When if an infant is baptized in danger of death according to the shorter rite by an** ordinary minister **and then recovers, the Rite of Bringing a Baptized Child to the Church is used. This text is found in the Rite of Baptism for Children. A liturgy of the word, the explanatory rites (e.g., anointing with chrism, white garment, candle, etc.) and various blessings are involved. The text can be consulted for details.

It may also be suitably adapted for use when, for some reason, the infant was not baptized by a Catholic minister of canon 861, but rather by a minister of a non Catholic Church or ecclesial community, or some generic Christian baptism, or a Catholic layperson, or for that matter, by anyone with right intention, proper form and proper matter. (The list of reasons given in the Rite of Bringing for its use also include a period of persecution or of disagreement between the parents that prevented but the list is not exhaustive.

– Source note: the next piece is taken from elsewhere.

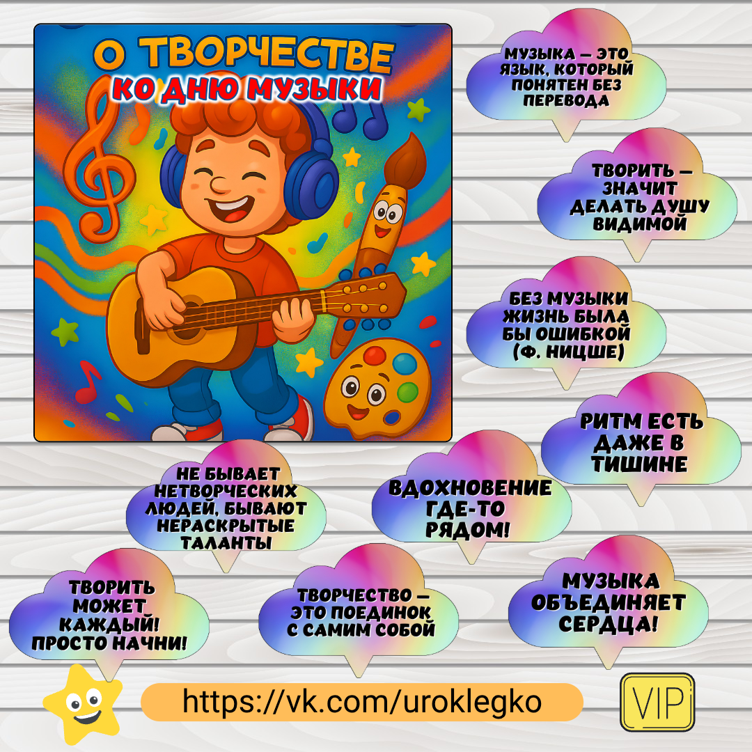 Данный набор для оформления школы ко Дню музыки необходим для того, чтобы создать яркую и содержательную праздничную атмосферу, визуально подчеркнуть значимость музыки и творчества в жизни человека. Плакат (доступный как в крупном формате для актового зала или фойе, так и в виде сборной версии для классного уголка) служит центральным смысловым и декоративным элементом, привлекающим внимание. Девять тематических фраз на отдельных листах А4 выполняют роль лаконичных и вдохновляющих цитат, которые можно разместить на стендах, дверях или окнах для раскрытия темы с разных сторон — они расскажут о силе и красоте музыки, обогатят пространство и станут поводом для размышления и дискуссии среди учеников и педагогов. Где можно скачать: https://vk.com/uroklegko
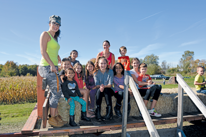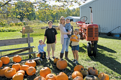 Family and friends pose for a photo among many pumpkins that cover the front lawn of the Wheatfield Pumpkin Farm. From left: Derick Virgilio and Garrett Fisher with Brianna, Trevor and Sophie Virgilio.

To me, they suggest situations in which baptism was conferred by someone other than a Catholic minister.)

In this Rite, the parents are asked " What do you ask of God’s Church, now that your child has been baptized?" They respond “We ask that the whole community will know that he (she) has been received into the Church.”

While baptism is administered by someone other than the **ordinary minister **has spiritual and theological effects, an additional step is needed to receive this infant into the Church.

The infant is not capable of placing any intention to become Catholic. Instead, its parents have to place this intention. However, intention alone is insufficient, we also need someone official to accept that intention for it to have legal effect.

This may be done by an oral declaration by the parents of their intention to have the infant as a Catholic, and its acceptance by the pastor or his delegate would be signified by recording the fact in the baptismal registry.

The Rite of Bringing, as above, would seem to accomplish reception in such a case. It provides such a declaration of intention and the subsequent action of the celebrant would be seen as an act of reception.